§ **Instructions to follow**: Write out again the entries from the first line to the line that includes "Neste último domingo", keeping both of those lines.
::: Supplied data :::
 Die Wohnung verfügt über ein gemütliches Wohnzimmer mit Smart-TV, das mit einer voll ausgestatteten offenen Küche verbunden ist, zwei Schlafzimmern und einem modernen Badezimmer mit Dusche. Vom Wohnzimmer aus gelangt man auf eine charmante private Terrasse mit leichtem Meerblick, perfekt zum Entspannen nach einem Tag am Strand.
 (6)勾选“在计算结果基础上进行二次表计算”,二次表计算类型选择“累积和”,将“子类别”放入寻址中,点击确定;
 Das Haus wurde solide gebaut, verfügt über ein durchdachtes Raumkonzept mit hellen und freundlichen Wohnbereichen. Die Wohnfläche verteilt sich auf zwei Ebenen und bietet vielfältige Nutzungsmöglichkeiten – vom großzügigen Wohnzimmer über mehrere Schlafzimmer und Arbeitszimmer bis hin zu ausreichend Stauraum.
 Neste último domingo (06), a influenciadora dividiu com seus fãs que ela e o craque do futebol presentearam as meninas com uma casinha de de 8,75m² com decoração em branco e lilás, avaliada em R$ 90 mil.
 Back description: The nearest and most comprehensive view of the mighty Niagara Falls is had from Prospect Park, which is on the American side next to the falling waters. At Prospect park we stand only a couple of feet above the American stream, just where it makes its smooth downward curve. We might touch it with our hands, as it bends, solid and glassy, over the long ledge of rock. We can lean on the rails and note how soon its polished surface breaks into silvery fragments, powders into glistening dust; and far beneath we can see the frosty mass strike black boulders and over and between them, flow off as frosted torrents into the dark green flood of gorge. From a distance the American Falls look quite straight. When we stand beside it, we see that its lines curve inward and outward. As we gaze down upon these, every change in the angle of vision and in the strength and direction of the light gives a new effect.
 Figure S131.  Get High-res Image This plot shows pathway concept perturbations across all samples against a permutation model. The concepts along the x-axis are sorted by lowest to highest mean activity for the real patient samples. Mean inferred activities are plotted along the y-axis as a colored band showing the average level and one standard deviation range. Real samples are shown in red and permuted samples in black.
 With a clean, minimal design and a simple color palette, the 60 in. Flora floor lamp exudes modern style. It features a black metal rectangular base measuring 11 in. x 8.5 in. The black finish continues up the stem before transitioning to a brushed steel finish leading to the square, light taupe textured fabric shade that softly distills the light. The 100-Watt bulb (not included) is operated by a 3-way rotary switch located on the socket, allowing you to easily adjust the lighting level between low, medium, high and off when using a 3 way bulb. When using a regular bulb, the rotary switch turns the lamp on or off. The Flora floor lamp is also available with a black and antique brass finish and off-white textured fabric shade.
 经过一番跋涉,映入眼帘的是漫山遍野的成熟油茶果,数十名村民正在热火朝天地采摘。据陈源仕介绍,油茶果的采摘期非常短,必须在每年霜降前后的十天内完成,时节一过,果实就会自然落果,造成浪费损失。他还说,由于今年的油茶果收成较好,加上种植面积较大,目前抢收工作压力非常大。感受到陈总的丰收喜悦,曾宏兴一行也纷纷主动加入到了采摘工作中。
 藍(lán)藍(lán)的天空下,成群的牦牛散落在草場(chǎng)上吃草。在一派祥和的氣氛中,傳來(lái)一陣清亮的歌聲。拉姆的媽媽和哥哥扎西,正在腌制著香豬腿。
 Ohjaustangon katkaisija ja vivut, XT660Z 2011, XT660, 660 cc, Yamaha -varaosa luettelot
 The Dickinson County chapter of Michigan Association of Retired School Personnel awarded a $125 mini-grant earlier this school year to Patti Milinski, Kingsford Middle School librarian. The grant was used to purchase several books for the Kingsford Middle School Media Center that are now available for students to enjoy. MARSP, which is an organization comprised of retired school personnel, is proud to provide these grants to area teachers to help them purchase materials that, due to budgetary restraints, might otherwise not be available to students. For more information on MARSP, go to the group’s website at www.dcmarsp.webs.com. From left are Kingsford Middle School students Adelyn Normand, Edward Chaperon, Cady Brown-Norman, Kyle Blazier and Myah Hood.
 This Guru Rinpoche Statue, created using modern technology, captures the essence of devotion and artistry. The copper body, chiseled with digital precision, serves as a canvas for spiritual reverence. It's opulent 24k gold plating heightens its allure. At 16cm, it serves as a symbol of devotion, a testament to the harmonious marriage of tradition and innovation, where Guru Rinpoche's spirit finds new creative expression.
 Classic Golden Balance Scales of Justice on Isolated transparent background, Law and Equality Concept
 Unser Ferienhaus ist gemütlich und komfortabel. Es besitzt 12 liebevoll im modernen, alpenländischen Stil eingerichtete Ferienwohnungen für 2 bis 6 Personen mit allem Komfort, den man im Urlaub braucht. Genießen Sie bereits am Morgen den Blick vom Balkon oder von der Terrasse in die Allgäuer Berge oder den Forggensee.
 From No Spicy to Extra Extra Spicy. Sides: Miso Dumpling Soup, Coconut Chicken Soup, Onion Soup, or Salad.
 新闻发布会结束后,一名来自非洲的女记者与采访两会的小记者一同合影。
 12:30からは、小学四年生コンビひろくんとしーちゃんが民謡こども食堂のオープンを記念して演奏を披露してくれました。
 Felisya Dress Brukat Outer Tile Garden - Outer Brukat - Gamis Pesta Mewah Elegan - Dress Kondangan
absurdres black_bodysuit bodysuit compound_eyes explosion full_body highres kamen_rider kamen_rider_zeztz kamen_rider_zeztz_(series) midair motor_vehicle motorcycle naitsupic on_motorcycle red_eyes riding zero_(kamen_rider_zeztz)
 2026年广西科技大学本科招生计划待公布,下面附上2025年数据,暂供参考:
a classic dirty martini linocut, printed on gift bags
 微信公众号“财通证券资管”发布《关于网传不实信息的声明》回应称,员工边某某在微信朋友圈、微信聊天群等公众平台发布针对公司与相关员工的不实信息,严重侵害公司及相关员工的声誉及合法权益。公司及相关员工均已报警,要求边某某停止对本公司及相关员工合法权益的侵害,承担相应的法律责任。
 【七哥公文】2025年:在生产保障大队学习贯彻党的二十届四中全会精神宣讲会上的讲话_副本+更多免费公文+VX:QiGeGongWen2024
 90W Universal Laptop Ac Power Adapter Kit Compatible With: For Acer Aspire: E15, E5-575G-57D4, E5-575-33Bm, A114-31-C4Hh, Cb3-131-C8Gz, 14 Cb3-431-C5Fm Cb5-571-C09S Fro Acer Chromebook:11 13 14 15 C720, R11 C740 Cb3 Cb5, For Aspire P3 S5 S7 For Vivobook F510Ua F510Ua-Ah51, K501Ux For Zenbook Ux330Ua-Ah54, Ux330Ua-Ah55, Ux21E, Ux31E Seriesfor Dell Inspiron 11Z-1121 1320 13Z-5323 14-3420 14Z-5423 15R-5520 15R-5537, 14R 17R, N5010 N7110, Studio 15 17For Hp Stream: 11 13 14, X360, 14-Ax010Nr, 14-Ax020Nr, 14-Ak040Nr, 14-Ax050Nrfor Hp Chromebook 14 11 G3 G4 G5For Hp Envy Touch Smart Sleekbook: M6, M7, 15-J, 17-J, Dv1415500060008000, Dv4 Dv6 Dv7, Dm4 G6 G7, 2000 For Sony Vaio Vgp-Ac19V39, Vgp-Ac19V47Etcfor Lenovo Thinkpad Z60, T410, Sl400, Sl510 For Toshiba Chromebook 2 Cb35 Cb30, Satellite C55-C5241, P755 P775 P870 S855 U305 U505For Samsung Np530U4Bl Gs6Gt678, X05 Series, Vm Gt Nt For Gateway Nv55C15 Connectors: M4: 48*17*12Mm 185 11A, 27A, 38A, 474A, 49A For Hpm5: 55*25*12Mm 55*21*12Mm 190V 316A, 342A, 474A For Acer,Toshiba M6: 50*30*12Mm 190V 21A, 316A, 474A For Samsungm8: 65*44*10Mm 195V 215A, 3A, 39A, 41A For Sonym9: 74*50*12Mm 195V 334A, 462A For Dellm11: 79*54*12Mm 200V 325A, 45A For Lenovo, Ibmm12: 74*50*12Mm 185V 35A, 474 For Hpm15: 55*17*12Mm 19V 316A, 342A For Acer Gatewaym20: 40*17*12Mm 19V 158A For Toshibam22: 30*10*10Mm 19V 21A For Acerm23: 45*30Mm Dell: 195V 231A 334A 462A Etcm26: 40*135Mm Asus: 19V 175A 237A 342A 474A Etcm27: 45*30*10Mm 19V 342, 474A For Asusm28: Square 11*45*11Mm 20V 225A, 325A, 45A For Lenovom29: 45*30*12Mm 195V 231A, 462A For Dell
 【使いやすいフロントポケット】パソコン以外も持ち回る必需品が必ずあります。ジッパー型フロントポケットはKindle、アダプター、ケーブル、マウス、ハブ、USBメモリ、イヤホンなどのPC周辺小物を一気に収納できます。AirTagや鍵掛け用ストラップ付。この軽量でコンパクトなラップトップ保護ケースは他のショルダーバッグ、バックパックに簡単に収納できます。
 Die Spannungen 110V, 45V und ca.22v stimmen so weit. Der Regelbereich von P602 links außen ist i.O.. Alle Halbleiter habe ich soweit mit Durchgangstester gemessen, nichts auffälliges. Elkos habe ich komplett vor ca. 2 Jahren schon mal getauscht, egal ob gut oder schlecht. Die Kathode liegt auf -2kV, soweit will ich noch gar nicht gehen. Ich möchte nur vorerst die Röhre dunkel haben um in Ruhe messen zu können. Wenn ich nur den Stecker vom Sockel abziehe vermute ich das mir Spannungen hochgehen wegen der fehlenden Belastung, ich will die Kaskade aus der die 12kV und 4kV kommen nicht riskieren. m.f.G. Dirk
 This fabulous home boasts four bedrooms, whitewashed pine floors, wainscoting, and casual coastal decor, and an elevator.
:::
§ **Expected answer**:
 Die Wohnung verfügt über ein gemütliches Wohnzimmer mit Smart-TV, das mit einer voll ausgestatteten offenen Küche verbunden ist, zwei Schlafzimmern und einem modernen Badezimmer mit Dusche. Vom Wohnzimmer aus gelangt man auf eine charmante private Terrasse mit leichtem Meerblick, perfekt zum Entspannen nach einem Tag am Strand.
 (6)勾选“在计算结果基础上进行二次表计算”,二次表计算类型选择“累积和”,将“子类别”放入寻址中,点击确定;
 Das Haus wurde solide gebaut, verfügt über ein durchdachtes Raumkonzept mit hellen und freundlichen Wohnbereichen. Die Wohnfläche verteilt sich auf zwei Ebenen und bietet vielfältige Nutzungsmöglichkeiten – vom großzügigen Wohnzimmer über mehrere Schlafzimmer und Arbeitszimmer bis hin zu ausreichend Stauraum.
 Neste último domingo (06), a influenciadora dividiu com seus fãs que ela e o craque do futebol presentearam as meninas com uma casinha de de 8,75m² com decoração em branco e lilás, avaliada em R$ 90 mil.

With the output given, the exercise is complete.